> [Aim of the exercise]:
Pictures stay out of the copy; set down each line of the listing below exactly.

> [Given information]:

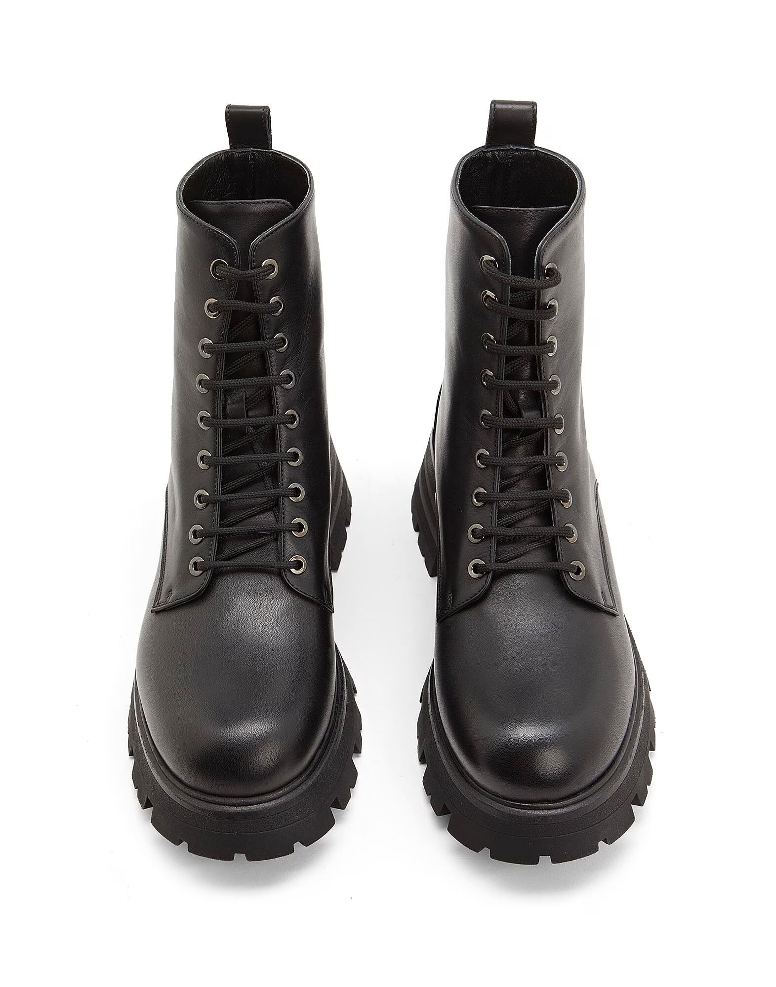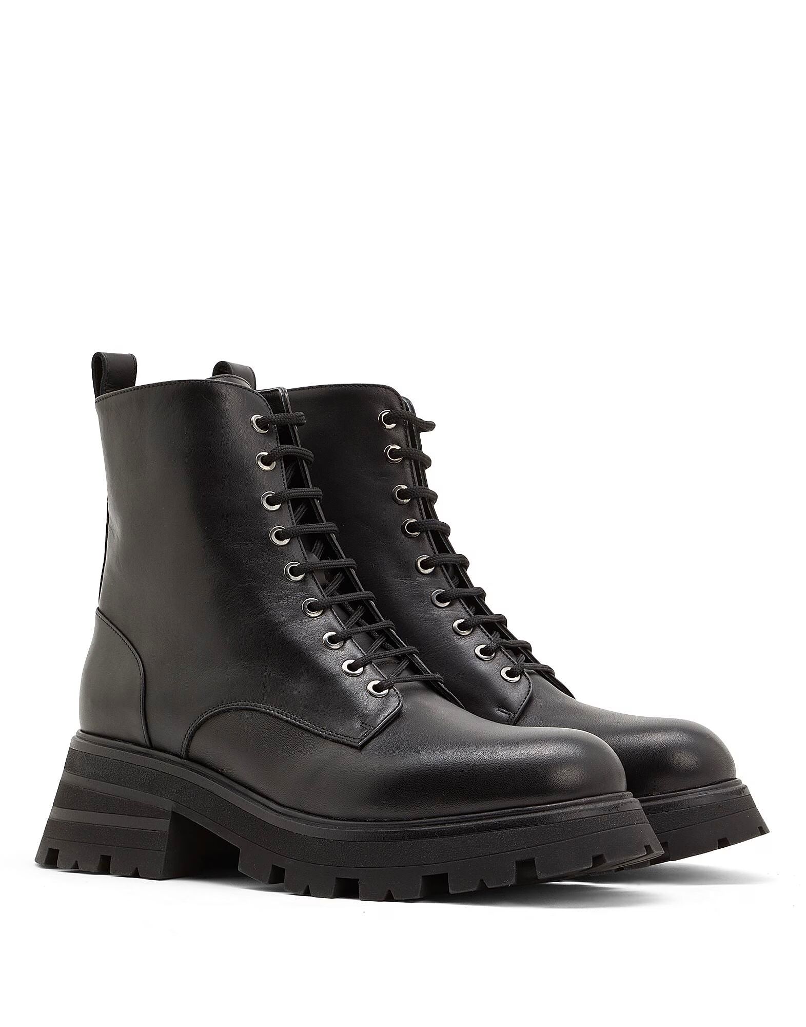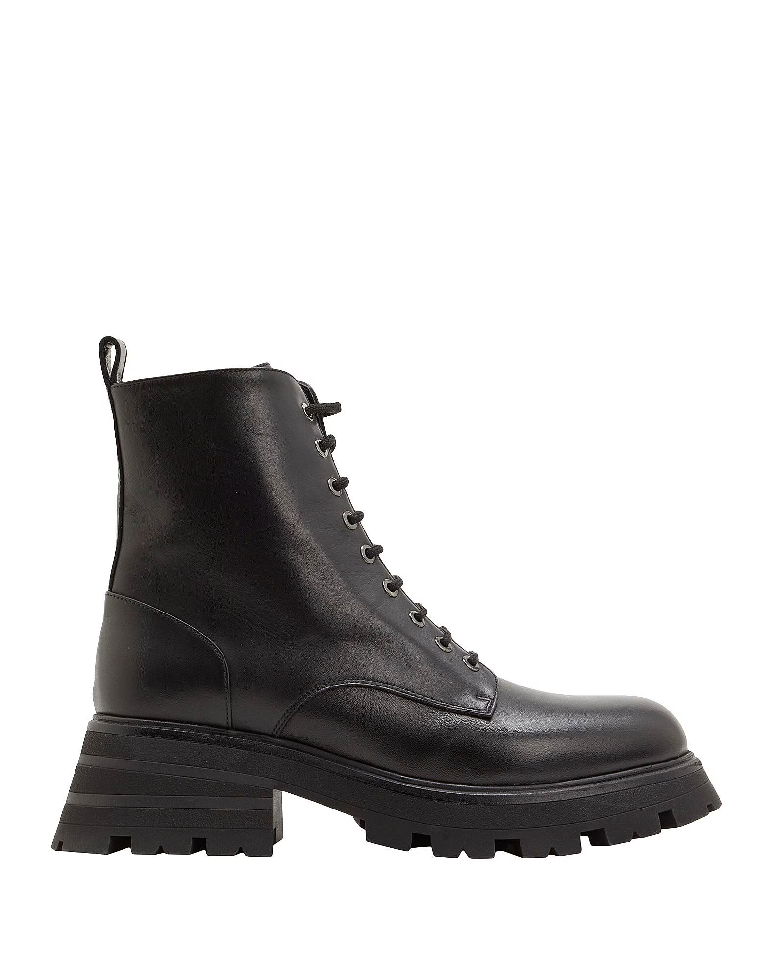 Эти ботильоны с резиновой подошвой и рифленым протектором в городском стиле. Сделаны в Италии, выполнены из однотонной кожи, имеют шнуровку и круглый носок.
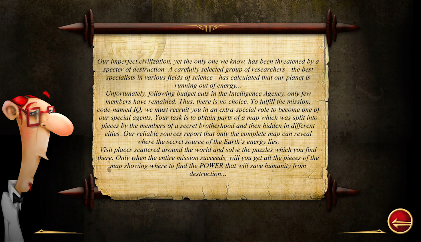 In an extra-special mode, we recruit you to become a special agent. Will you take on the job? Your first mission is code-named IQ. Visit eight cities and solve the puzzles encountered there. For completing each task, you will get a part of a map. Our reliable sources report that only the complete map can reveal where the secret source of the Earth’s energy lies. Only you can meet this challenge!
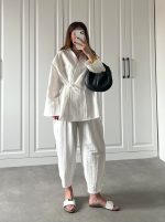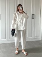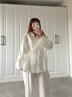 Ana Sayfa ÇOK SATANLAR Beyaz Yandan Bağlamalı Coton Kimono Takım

> [Finished task]:
 Эти ботильоны с резиновой подошвой и рифленым протектором в городском стиле. Сделаны в Италии, выполнены из однотонной кожи, имеют шнуровку и круглый носок.
 In an extra-special mode, we recruit you to become a special agent. Will you take on the job? Your first mission is code-named IQ. Visit eight cities and solve the puzzles encountered there. For completing each task, you will get a part of a map. Our reliable sources report that only the complete map can reveal where the secret source of the Earth’s energy lies. Only you can meet this challenge!
 Ana Sayfa ÇOK SATANLAR Beyaz Yandan Bağlamalı Coton Kimono Takım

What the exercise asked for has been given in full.